### [Exercise input]
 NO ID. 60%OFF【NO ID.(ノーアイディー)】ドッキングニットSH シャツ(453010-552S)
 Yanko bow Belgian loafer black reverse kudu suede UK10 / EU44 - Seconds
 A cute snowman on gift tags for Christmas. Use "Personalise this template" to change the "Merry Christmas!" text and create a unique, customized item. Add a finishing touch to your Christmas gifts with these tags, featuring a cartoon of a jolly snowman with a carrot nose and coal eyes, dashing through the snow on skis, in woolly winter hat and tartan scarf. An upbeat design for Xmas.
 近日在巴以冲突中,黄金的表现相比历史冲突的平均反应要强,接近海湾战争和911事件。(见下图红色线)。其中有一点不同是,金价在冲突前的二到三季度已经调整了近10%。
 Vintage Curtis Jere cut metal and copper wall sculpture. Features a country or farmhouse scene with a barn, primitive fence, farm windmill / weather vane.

* * *

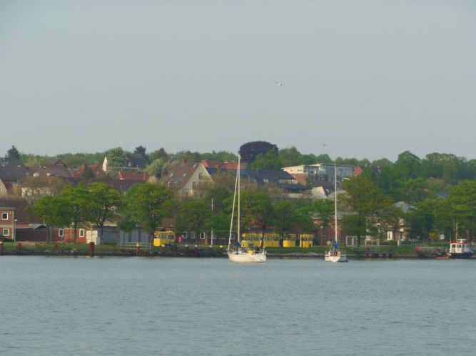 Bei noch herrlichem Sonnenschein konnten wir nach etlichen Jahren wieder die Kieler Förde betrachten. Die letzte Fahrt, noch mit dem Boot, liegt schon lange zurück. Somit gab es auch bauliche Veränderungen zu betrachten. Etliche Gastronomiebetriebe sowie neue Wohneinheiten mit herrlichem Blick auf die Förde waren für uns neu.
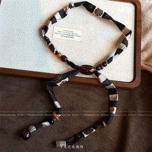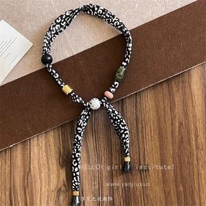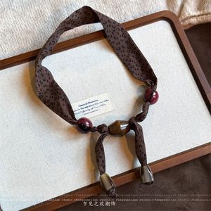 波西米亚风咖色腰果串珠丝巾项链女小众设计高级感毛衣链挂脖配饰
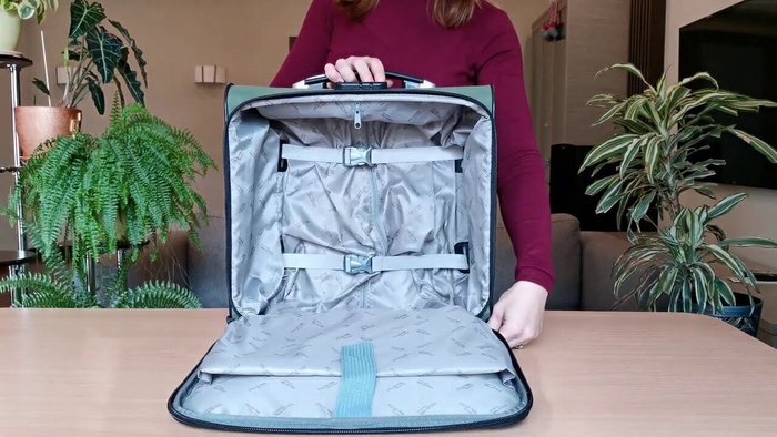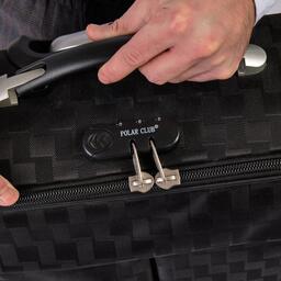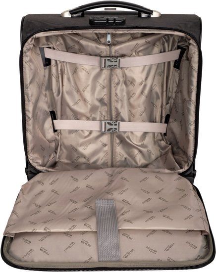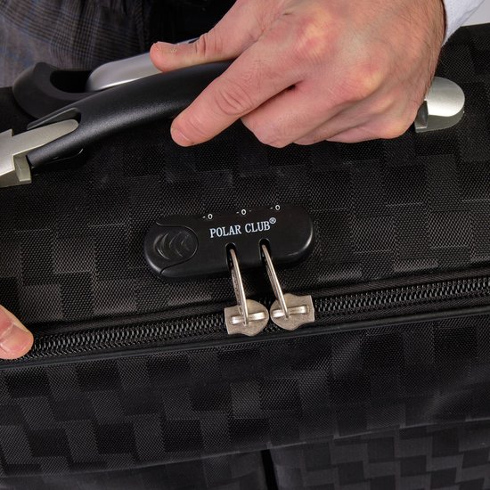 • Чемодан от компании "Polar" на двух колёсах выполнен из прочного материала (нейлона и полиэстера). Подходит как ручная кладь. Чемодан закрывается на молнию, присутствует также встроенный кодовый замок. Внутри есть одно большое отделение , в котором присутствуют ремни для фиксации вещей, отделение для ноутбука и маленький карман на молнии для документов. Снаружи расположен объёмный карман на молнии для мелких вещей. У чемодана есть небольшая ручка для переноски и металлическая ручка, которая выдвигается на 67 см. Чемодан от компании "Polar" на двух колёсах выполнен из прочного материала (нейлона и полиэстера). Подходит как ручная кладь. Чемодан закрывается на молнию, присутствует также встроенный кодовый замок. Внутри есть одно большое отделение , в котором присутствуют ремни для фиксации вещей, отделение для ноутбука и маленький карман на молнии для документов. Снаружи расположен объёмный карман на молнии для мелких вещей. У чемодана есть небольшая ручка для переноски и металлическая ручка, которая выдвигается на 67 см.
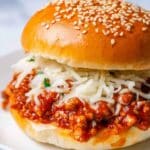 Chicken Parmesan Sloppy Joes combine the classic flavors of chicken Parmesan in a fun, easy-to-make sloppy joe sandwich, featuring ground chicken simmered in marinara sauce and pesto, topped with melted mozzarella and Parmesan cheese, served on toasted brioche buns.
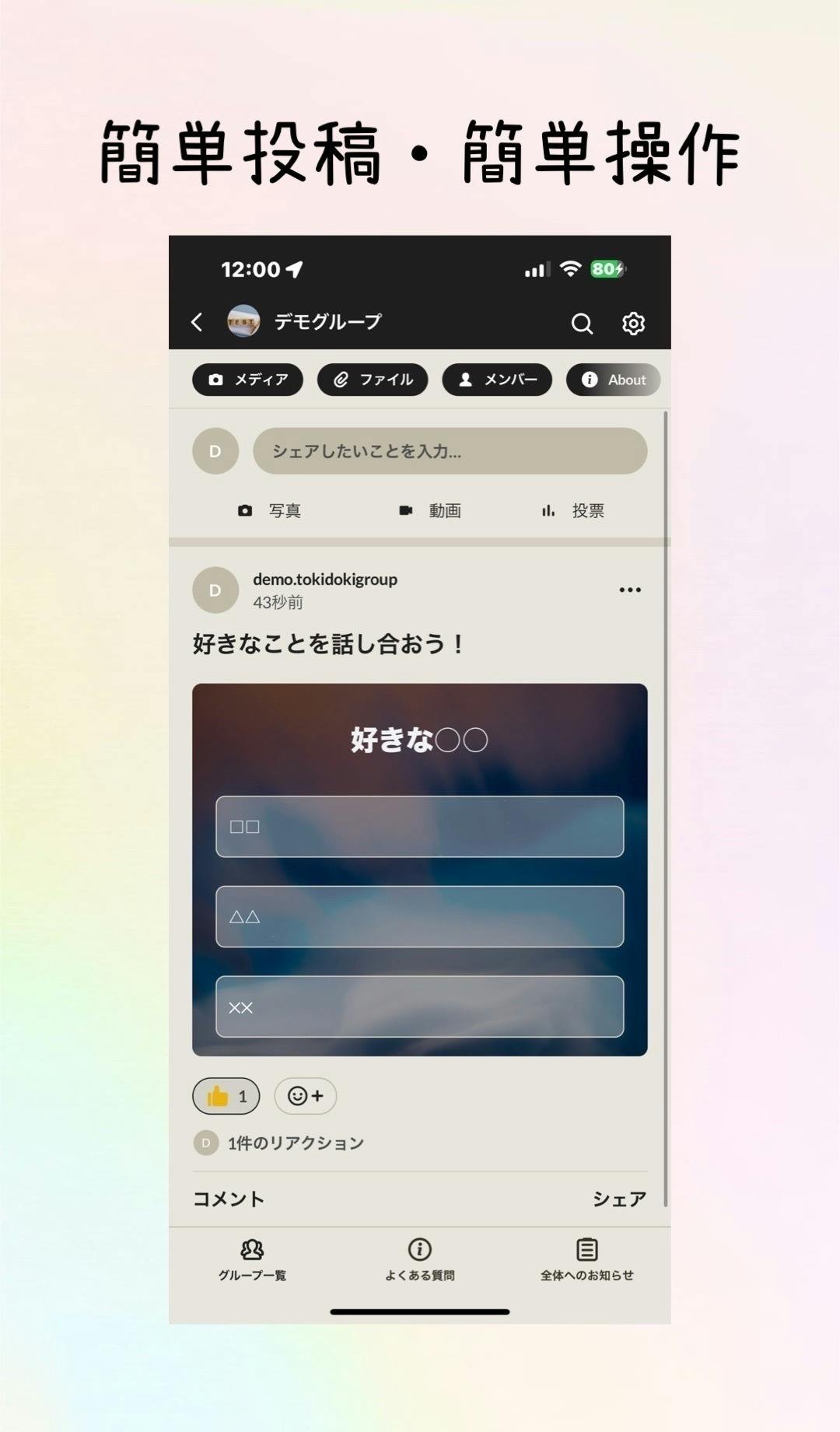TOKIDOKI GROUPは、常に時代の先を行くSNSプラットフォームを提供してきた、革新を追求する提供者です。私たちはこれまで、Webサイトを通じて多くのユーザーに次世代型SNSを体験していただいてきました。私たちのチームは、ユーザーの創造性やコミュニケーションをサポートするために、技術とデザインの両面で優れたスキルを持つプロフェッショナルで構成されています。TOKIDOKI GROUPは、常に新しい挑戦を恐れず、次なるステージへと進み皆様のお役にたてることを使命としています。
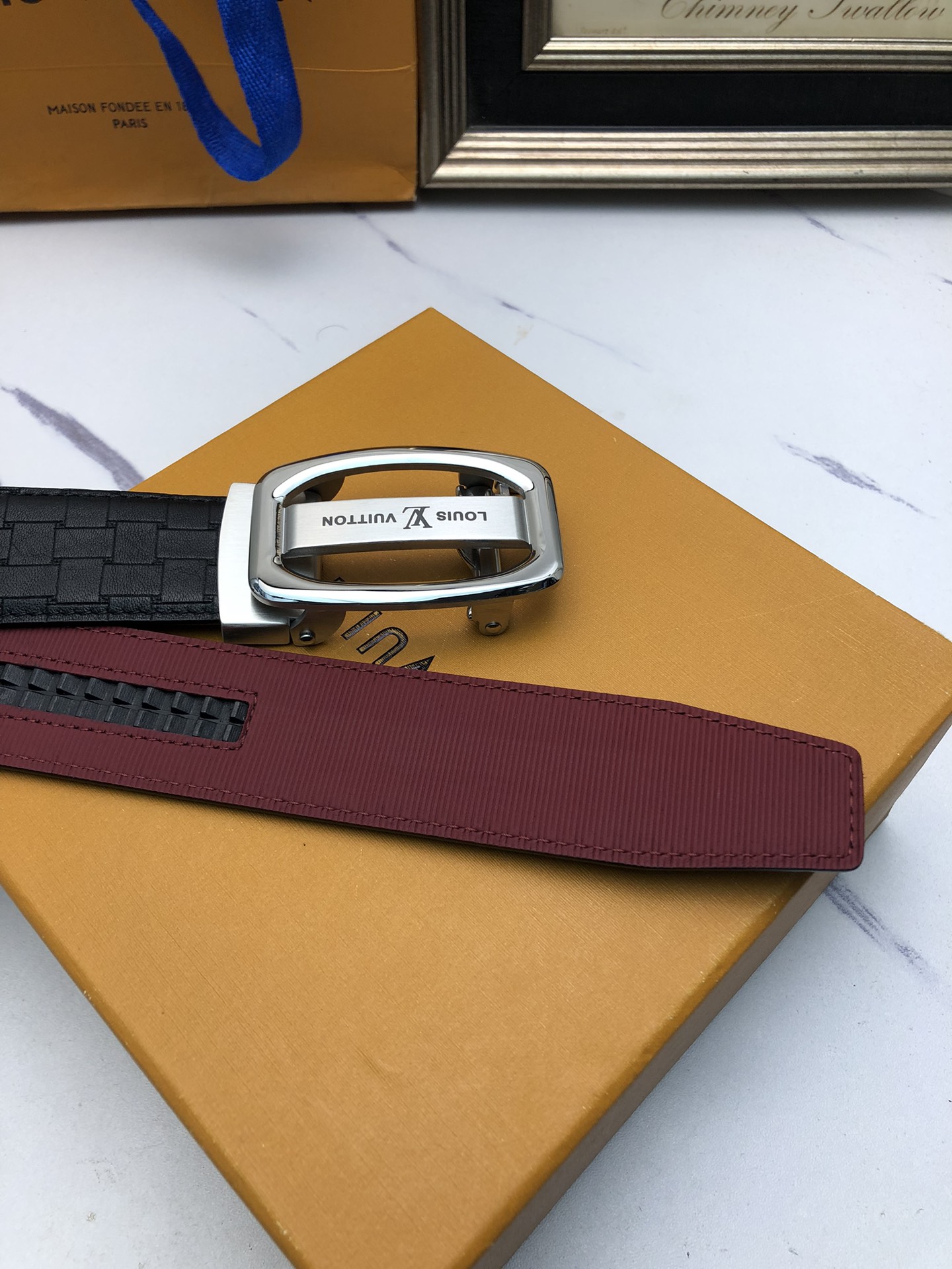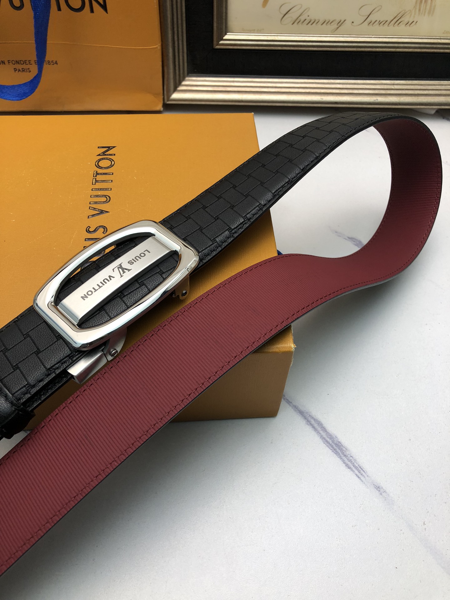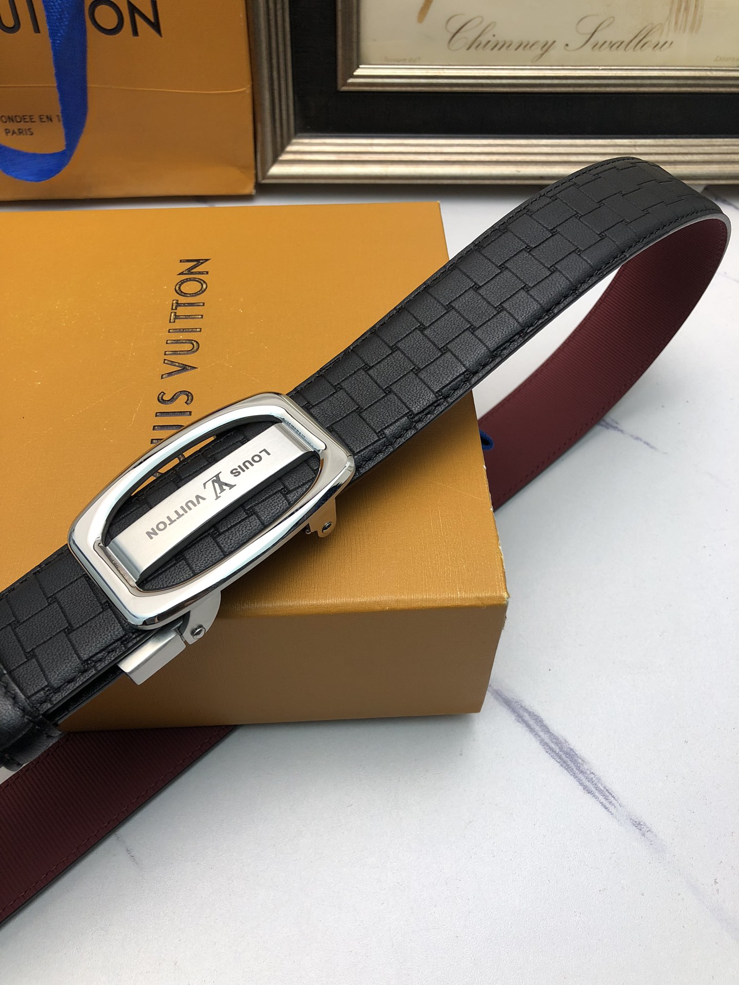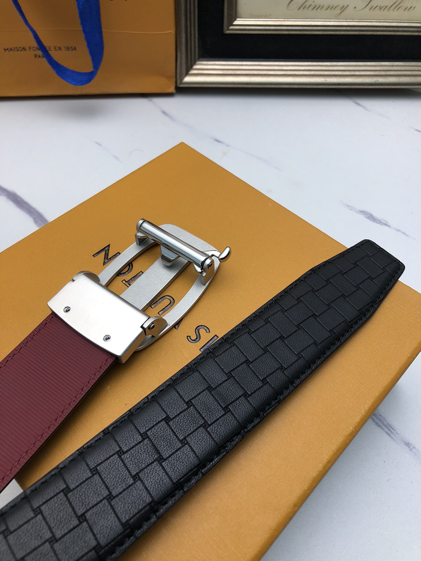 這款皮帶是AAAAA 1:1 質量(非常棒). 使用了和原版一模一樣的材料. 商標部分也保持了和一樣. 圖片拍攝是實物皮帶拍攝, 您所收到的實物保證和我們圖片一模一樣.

* * *

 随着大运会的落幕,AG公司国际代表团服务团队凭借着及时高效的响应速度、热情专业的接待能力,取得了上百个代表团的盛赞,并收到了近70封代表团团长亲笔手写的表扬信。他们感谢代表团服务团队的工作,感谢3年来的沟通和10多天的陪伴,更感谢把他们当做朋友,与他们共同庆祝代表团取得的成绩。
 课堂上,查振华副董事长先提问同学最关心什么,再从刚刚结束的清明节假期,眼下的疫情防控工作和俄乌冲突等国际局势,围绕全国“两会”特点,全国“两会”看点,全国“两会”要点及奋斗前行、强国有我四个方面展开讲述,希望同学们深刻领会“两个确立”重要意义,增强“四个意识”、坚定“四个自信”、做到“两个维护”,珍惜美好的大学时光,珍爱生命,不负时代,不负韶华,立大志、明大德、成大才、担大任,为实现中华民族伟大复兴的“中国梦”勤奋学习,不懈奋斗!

### [How to complete this task]
Could you set down, word for word, only the lines above from the line with "NO ID. 60%OFF【NO" to the line with "近日在巴以冲突中,黄金的表现", including both?

### [Solved problem]
 NO ID. 60%OFF【NO ID.(ノーアイディー)】ドッキングニットSH シャツ(453010-552S)
 Yanko bow Belgian loafer black reverse kudu suede UK10 / EU44 - Seconds
 A cute snowman on gift tags for Christmas. Use "Personalise this template" to change the "Merry Christmas!" text and create a unique, customized item. Add a finishing touch to your Christmas gifts with these tags, featuring a cartoon of a jolly snowman with a carrot nose and coal eyes, dashing through the snow on skis, in woolly winter hat and tartan scarf. An upbeat design for Xmas.
 近日在巴以冲突中,黄金的表现相比历史冲突的平均反应要强,接近海湾战争和911事件。(见下图红色线)。其中有一点不同是,金价在冲突前的二到三季度已经调整了近10%。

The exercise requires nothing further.